レイアのその様子を、驚いたように見つめる人がいた。レイアが気づいて顔を向けると、相手はびくりとし、そそくさと立ち去ろうとする。
「ま、待って!」
レイアが慌てて手を掴むと、相手は手を振りほどこうとした。レイアも必死で抵抗する。
「ご、ごめんなさい、怪しい者じゃないんです!人を、ウェルズ=ハンさんを探してるの!」
相手は動きを止め、フードの奥の目を丸くした。しかし。
「あ」
すぐにレイアの手を振り切り、走り去る。レイアには追いかける気力もなかった。大きく、ため息をつく。やっぱり、私なんかじゃ上手くいかない――
「…ハン氏を探しておる、とな」
「ひゃっ!」
唐突に声をかけられ、レイアは飛び上がった。見ると、先ほどの相手が買い物をしていた店の奥から、老人が顔を覗かせている。
「…はい?…はい、まあ」
レイアが曖昧に答えると、老人は手招きする。レイアは導かれるままに、店の中に入る。どうやら本屋のようだ。両脇の壁はすべて棚になっていて、難しそうなタイトルの分厚い本が所狭しと並んでいる。近くまで寄ってみると、老人はカウンターの内側にいた。銀色の髭が口周りを覆っているが、不思議と清潔感が感じられた。
「知ってるの?おじいさん」
「医者のハン氏と言えば、この町で知らぬ者はおらん」
老人は目を眇め、レイアを見る。
「今、この町は原因不明の病が流行っておる。肌に触れると感染する病じゃ。…見たところ、お前さんは大丈夫そうじゃが」
「私、たった今ここに来たばっかりだから」
言いながら、なるほど、とレイアは思った。だから皆、フードやマスクをしていたのか。妙によそよそしかったのも、レイアがフードもマスクもしていないから、病に感染しているかもしれないと思っていたのだろう。
「見ればわかるモノなの?感染してるかどうか」
「まあな。初めは顔の表面に小さな斑点が出る。よく見れば独特の色をしておるからわかるが、そばかすや黶と見間違えやすい。
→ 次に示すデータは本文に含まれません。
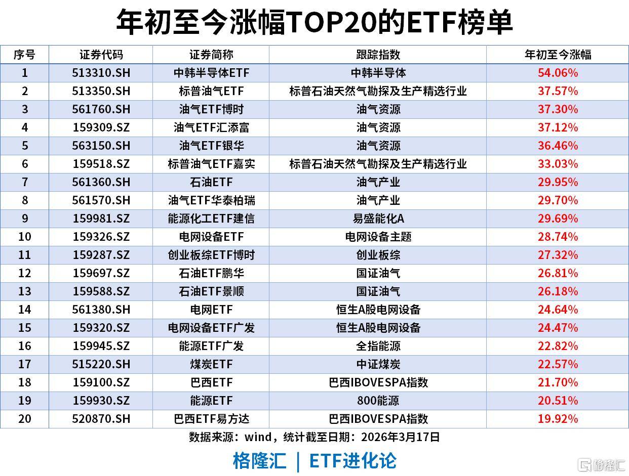年内涨幅榜,中韩半导体ETF(513310)涨幅高达54.06%。海外资产崛起:标普油气(37.57%)、巴西ETF(21.79%)悉数在列。
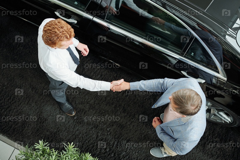 Вид сверху молодого менеджера по продажам в формальной одежде, который трясет руку клиенту
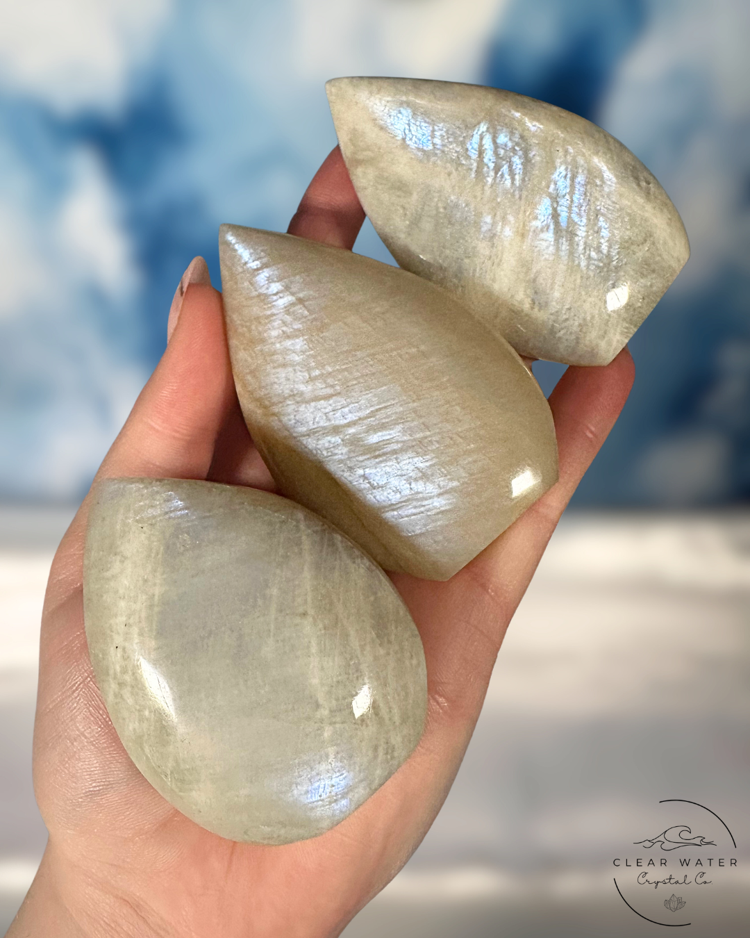 What truly sets these pieces apart is the breathtaking electric blue and pure white flash that shimmers across their surfaces as they catch the light. This optical phenomenon, known as adularescence, is particularly vibrant and striking in these high-quality moonstones, creating an almost otherworldly glow that seems to emanate from within.

おかげで発見が遅れ、大量に死者が出た」
「…死んじゃう病気なの?」
「感染に気付くのが遅ければ、な。全身に麻痺が起こり、呼吸困難になって、最終的には心臓機能も停止する。発症から数日のうちにな」
老人は淡々と説明する。年の割には、きびきびとした口調だった。あるいは、見た目ほど年はとってないのかもしれない。
「患者は、今も増え続けておる。しかも、ハン氏にしか治せん。だから、ハン氏は治療のため町中を走り回っておるわ。会うのは難しいぞ」
「そんな…この町に、他にお医者さんは?」
「おらん。皆、病に倒れてな。だから病がおさまらんのじゃ」
レイアは唇を噛んだ。せっかく、ここまで来たのに。
老人は、そんなレイアの顔を覗き込んだ。
「一体、彼に何の用じゃ?」
「…仲間が、怪我してるの。今は、山の向こうの村で休んでるけど」
「そうか…」
老人は、同情するように、僅かに眉を下げた。
「残念じゃが、よそを当たった方が良い。あまりこの村におると、お前さんも危険じゃ」
「…うん、ありがとう、おじいさん」
「ところで…良いのか?」
老人がレイアの後方、店の外に目を遣って聞いた。レイアは首を傾げる。
「?何が?」
「先ほどぶつかっていった奴、お前さんの財布を掏って行ったようじゃが」
「え」
レイアは慌てて懐を探る。――確かに、さっきまで感じていた小銭の重みがなくなっている。
何かの時の為に、とルークから貰ってあったお金なのに。さっと血の気が引いて、心臓が一拍跳ねた。
「そ、そういうことは、早めに言ってよ!」
言うや否や、レイアは店を飛び出した。